Behaviour and Panic

Week 3 of the Positive Steps group is the week that encouraged me to start overcoming my panic about having a bath. Doing this through exposure.

Behaviours

The week is called Managing Behaviours. Looking at a different type of vicious cycle; the behavioural vicious cycle. Here’s mine:

Untitled1

How do I go about changing these behaviours? 

Going by what my counselling work says I need to make a list of the things I need to engage with. As creativity is one of the ones on my list. I’ve made a picture of my list rather than just listing them out for you.

List of things need to do.jpg

As you can see I have colour coded each item on my list.

  • Red: Necessary
  • Green: Routine
  • Purple: Pleasurable

In all fairness, I would like all the things on my engagement list be pleasurable. There were a couple I couldn’t decide on. For example, Yoga and Walking the dogs is on my routine list and it does need to be routine but I also want these to be pleasurable too.

Now I have my list, I have to start small and schedule these into my days. Making sure I do something regularly and then reflect on what I have done.

I have started doing activities from my list. I’ve been setting reminders, putting them in my calendar and logging walks and yoga through Google Fit.
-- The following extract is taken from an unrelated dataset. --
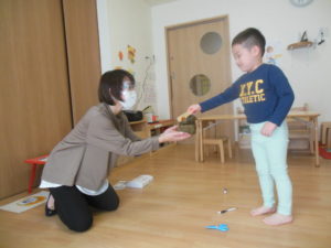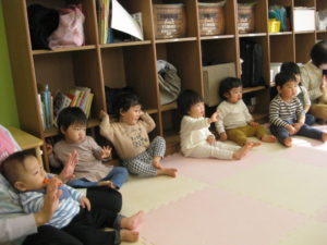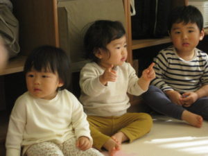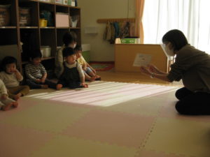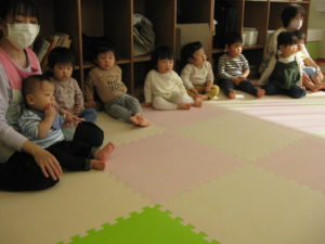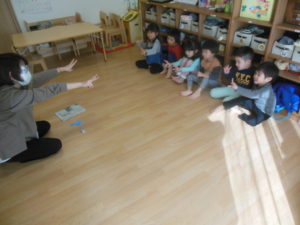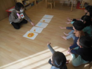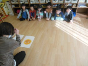 タンバリン、ピアノ組さんの英語の様子ですとても真剣に聞いて楽しんでいました!

I reflect daily, through my writing. Although I don’t just talk about what I have done that day. I think my reflections will be within my end of month reviews.

Panic

The second half of the week looked at panic. This is the part that spoke of exposure leading me to start getting over the things that panic me. I have to start one thing at a time. Having a bath to me was the ideal one to start with.

I have no idea why I panic when it comes to having a bath. I used to have them all the time when I was a kid. I haven’t had a traumatic experience in one. I just panic about having a bath.
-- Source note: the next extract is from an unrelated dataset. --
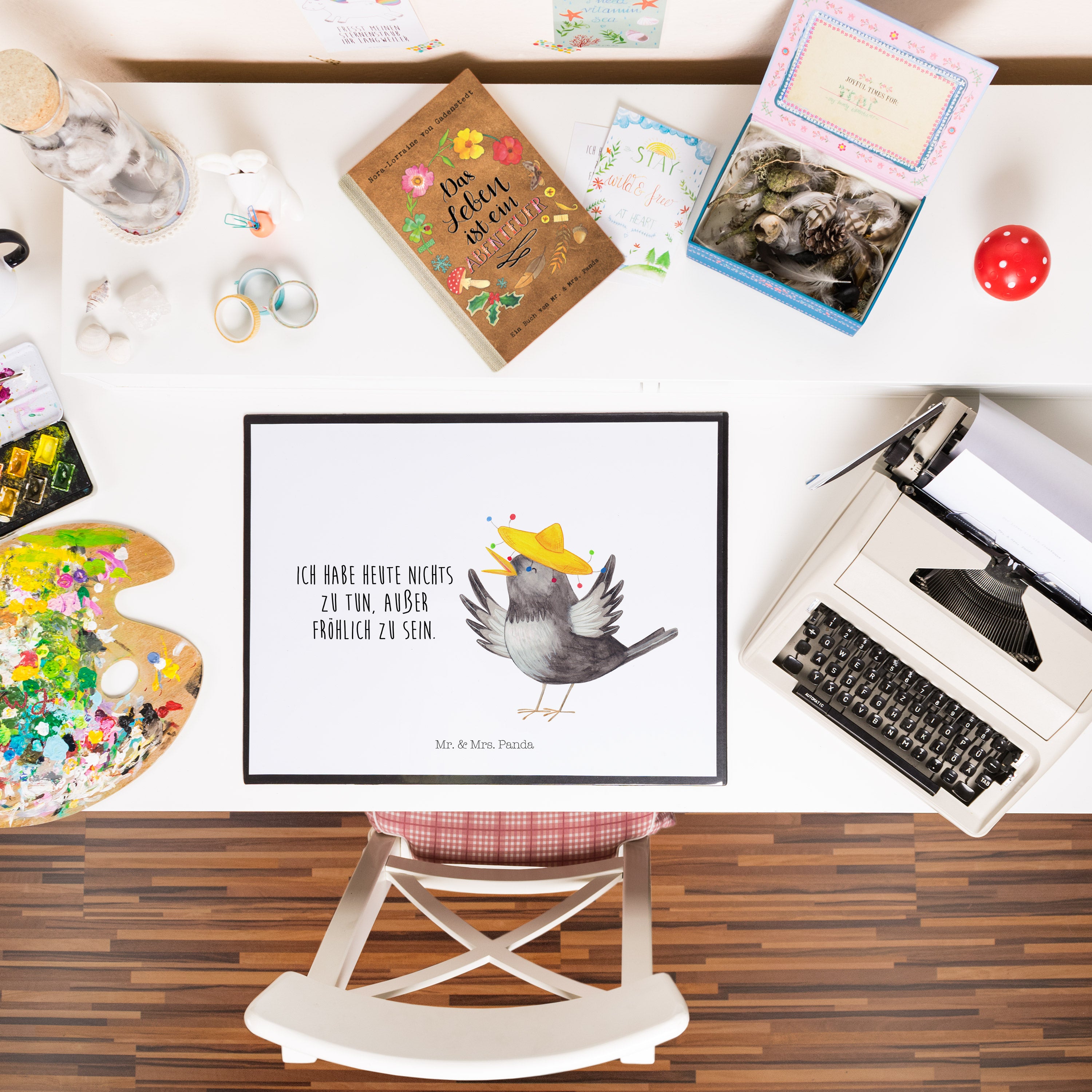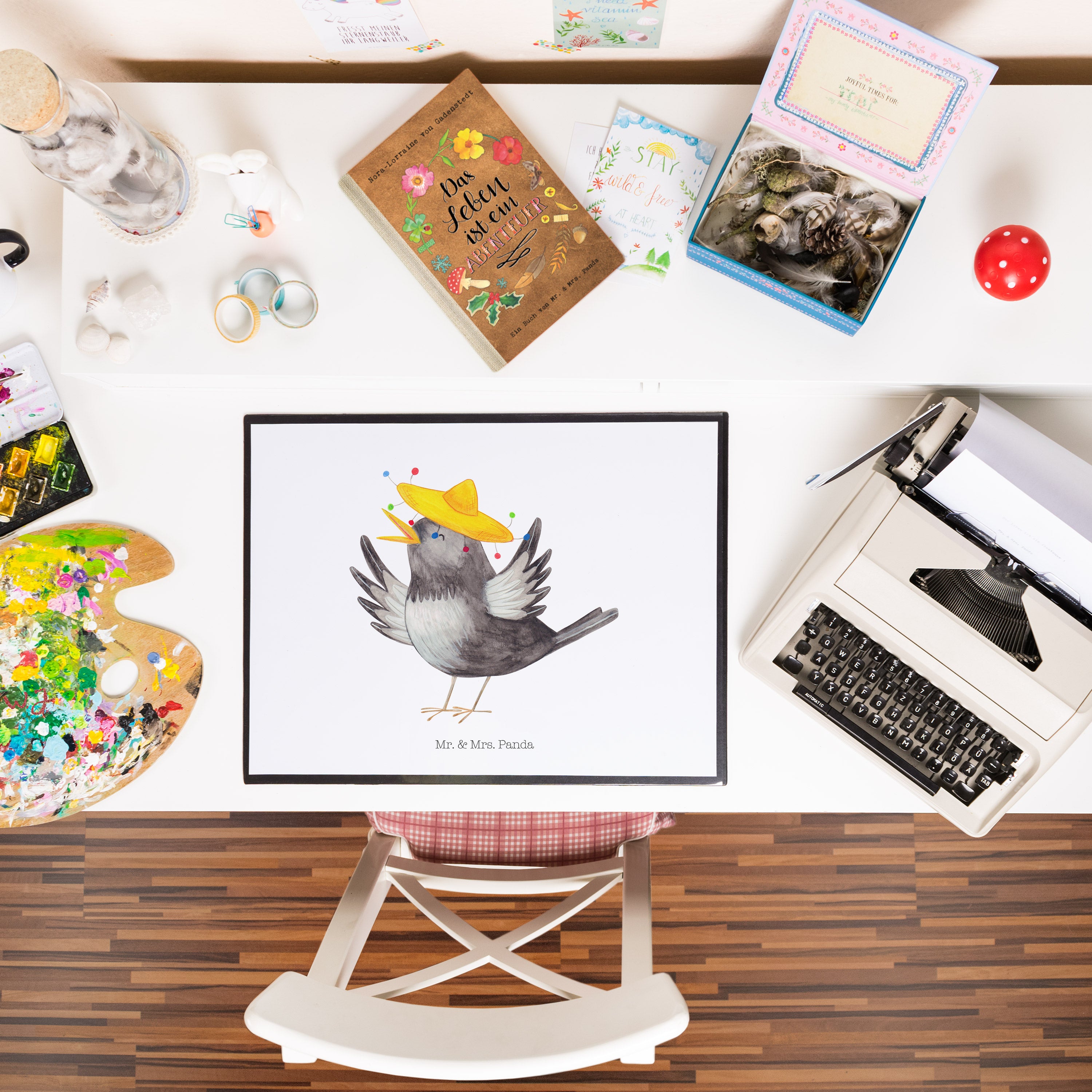 Dieser putzige Rabe mit einem lustigen Sombrero auf dem Kopf lässt dein Herz höher schlagen. Mit seinen freudigen Tanzbewegungen verbreitet er sofort gute Laune bei dir und lädt zum Schmunzeln ein. Die Zeichnung des liebenswerten Motivs "Rabe mit Sombrero" von Mr. & Mrs. Panda versprüht Lebensfreude und sorgt für ein grinsen in deinem Gesicht.

It’s been easy for me to avoid over the years. We only have a shower now at my parents’ house. Dave’s parents’ have a bath but they also have a shower. Me avoiding again just had showers there too.

Dave loves baths over showers. I know when we get our own place a bath is gonna be one of his main ‘I wants’. Relaxing in a bath, taking time out, does have its appeal. I just have to get over the panic part.
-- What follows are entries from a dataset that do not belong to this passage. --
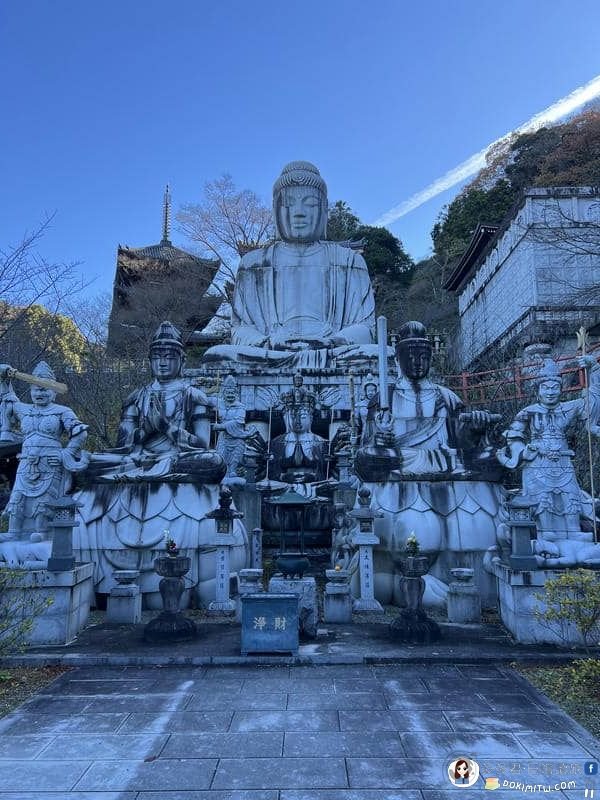 「大釋迦如來石像」全長約10m的大石佛像,春天宛如披上櫻花衣裳,被稱為「櫻花大佛」。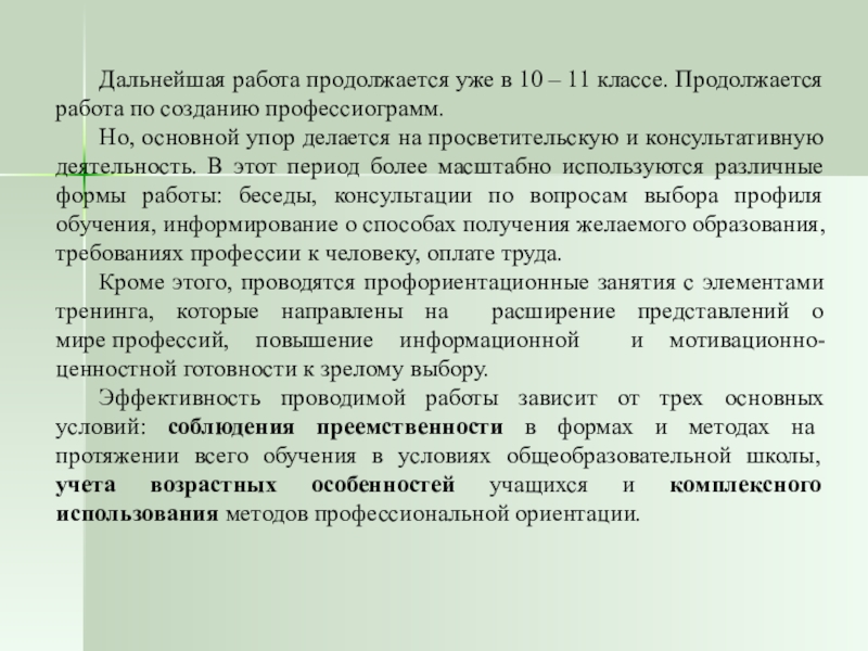 4 этап – 10-11 классы. В этот период более масштабно используются различные формы работы: беседы, консультации по вопросам выбора профиля обучения, информирование о способах получения желаемого образования, требованиях профессии к человеку, оплате труда. Продолжается работа по созданию профессиограмм, в которых отражены психофизические особенности профессий.
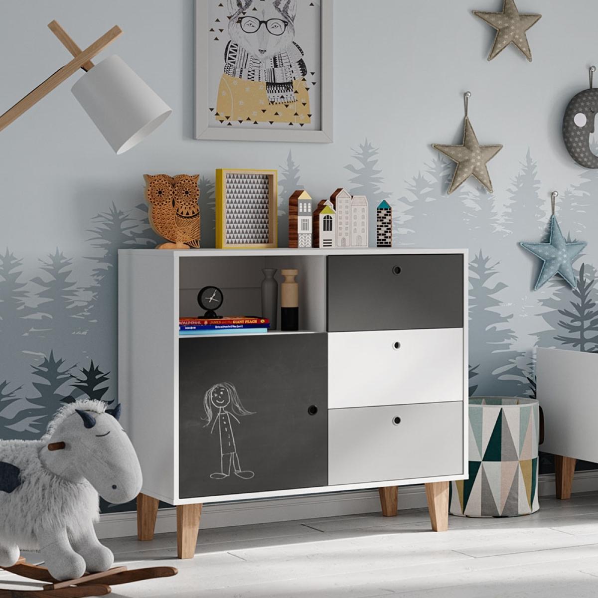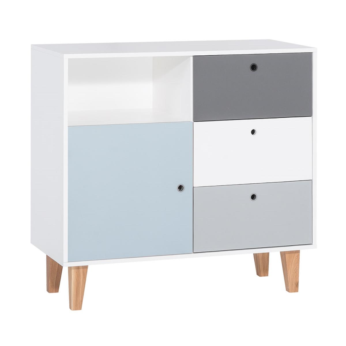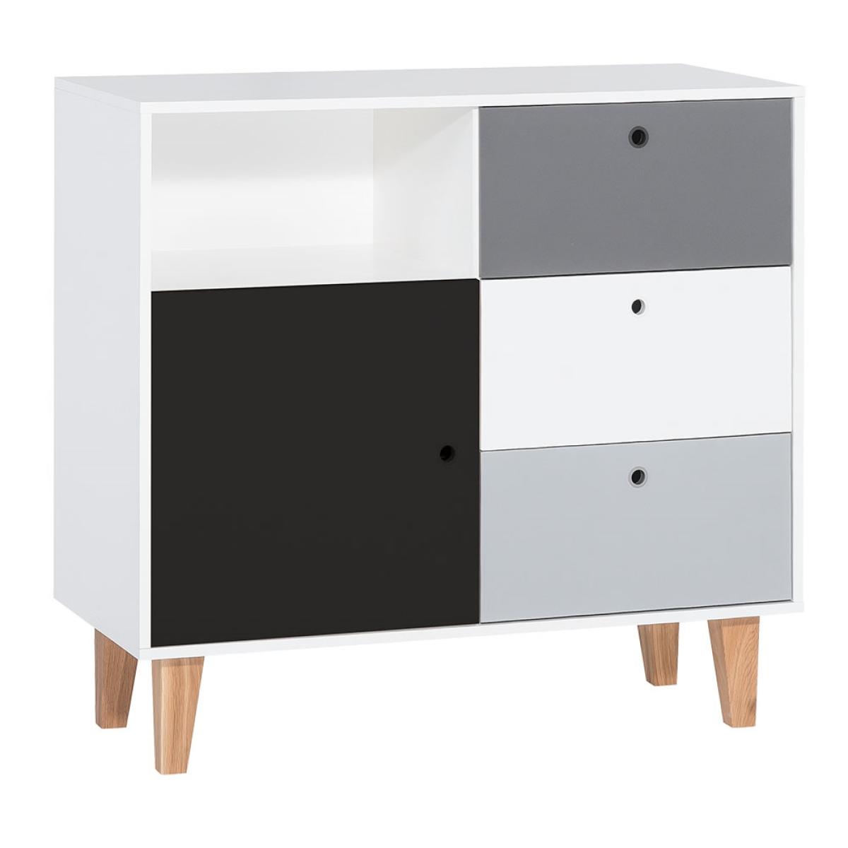 Add a contemporary feel to your little one's nursery with the Concept Nursery Dresser from Vox. The three large drawers and shelving offer up plenty of storage to keep their adorable outfits and with a cabinet and shelves it will be ideal for keeping those essentials close by. Plus, with the optional changing top you can create the ultimate nappy changing station! Its simple colour palette of grey and white will bring a touch of Scandinavian style to any room whilst the coloured panel is sure to inject a bit of fun into your interior. Available in a range of colours, there will be the perfect choice to welcome your newborn into the world.

As it has been a month since the session on week 3. I have started my goal towards having a bath. I’m just not at the point where my panic is totally gone before I can think about relaxing in one.

I did learn that there were three types of panic attacks. This, I didn’t know. I just thought a panic attack was a panic attack. The three types of panic attacks are:

  1. One you predict
  2. One you cannot predict
  3. Night time panic

Me having a bath is definitely one I predict. You may also have figured out I have a fear of spiders if you’ve read other posts of mine. I’m not sure which that one falls under. I know I’ll panic if I see one. But I can’t predict when I’ll see one.

I have had the odd night time panic. Being an anxious, worried and having low moods makes me more susceptible to having panic attacks. Are you?

This week told me that reducing anxiety helps to decrease the chance of having a panic attack. This is what lead me to want to overcome my anxiety and fears.

There are fears that are out of my control. The risk of them happening, the majority of the time, is low. But if I learn to control my behaviours and panic, I should, in theory, be able to control any panic attacks I have in the future.

Breathing is a big part of this. Breathing is always coming up with me. Clearly, I need to take note. Workin on my breathing techniques it is.

Have you exposed yourself to any of your fears?